# Your assignment:
Each line below from the line with "Divinezon Wooden Bamboo" to the line with "中午,在共同享用自己动手烹制" must be copied exactly, including those two, and no picture may appear in the copy.

# Recorded data:
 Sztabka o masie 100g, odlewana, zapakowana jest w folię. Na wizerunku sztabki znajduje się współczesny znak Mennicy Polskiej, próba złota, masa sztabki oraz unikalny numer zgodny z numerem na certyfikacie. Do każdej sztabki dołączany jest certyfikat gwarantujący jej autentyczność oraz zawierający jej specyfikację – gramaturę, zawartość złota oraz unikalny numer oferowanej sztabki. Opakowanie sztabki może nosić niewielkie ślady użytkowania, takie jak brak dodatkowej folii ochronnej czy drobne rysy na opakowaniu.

---

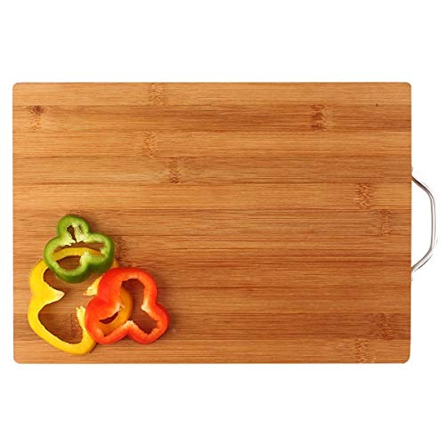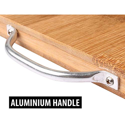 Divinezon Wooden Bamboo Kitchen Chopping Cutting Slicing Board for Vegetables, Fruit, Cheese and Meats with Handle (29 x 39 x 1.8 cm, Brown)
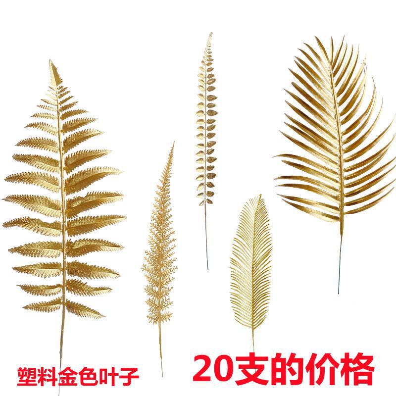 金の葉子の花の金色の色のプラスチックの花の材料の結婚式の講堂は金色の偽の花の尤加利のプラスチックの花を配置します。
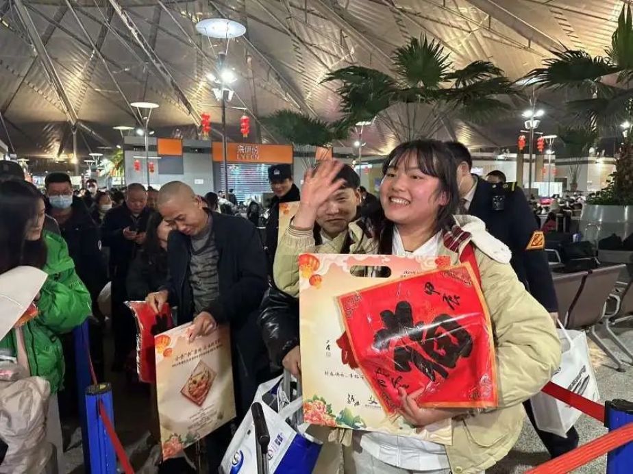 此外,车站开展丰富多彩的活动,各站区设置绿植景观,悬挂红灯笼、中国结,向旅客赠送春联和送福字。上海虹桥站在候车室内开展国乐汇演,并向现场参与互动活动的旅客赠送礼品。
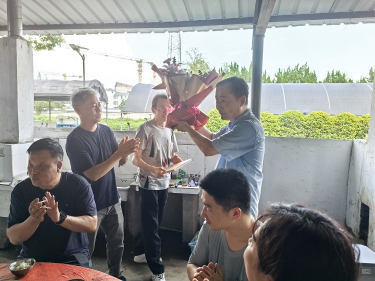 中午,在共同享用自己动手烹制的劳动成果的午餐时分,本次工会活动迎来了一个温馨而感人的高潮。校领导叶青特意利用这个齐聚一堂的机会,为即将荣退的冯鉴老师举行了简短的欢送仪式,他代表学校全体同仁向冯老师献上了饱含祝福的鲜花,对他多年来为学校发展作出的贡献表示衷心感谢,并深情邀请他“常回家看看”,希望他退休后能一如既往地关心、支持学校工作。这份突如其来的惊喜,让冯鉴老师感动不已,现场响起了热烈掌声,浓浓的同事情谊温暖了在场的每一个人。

# Written solution:
 Divinezon Wooden Bamboo Kitchen Chopping Cutting Slicing Board for Vegetables, Fruit, Cheese and Meats with Handle (29 x 39 x 1.8 cm, Brown)
 金の葉子の花の金色の色のプラスチックの花の材料の結婚式の講堂は金色の偽の花の尤加利のプラスチックの花を配置します。
 此外,车站开展丰富多彩的活动,各站区设置绿植景观,悬挂红灯笼、中国结,向旅客赠送春联和送福字。上海虹桥站在候车室内开展国乐汇演,并向现场参与互动活动的旅客赠送礼品。
 中午,在共同享用自己动手烹制的劳动成果的午餐时分,本次工会活动迎来了一个温馨而感人的高潮。校领导叶青特意利用这个齐聚一堂的机会,为即将荣退的冯鉴老师举行了简短的欢送仪式,他代表学校全体同仁向冯老师献上了饱含祝福的鲜花,对他多年来为学校发展作出的贡献表示衷心感谢,并深情邀请他“常回家看看”,希望他退休后能一如既往地关心、支持学校工作。这份突如其来的惊喜,让冯鉴老师感动不已,现场响起了热烈掌声,浓浓的同事情谊温暖了在场的每一个人。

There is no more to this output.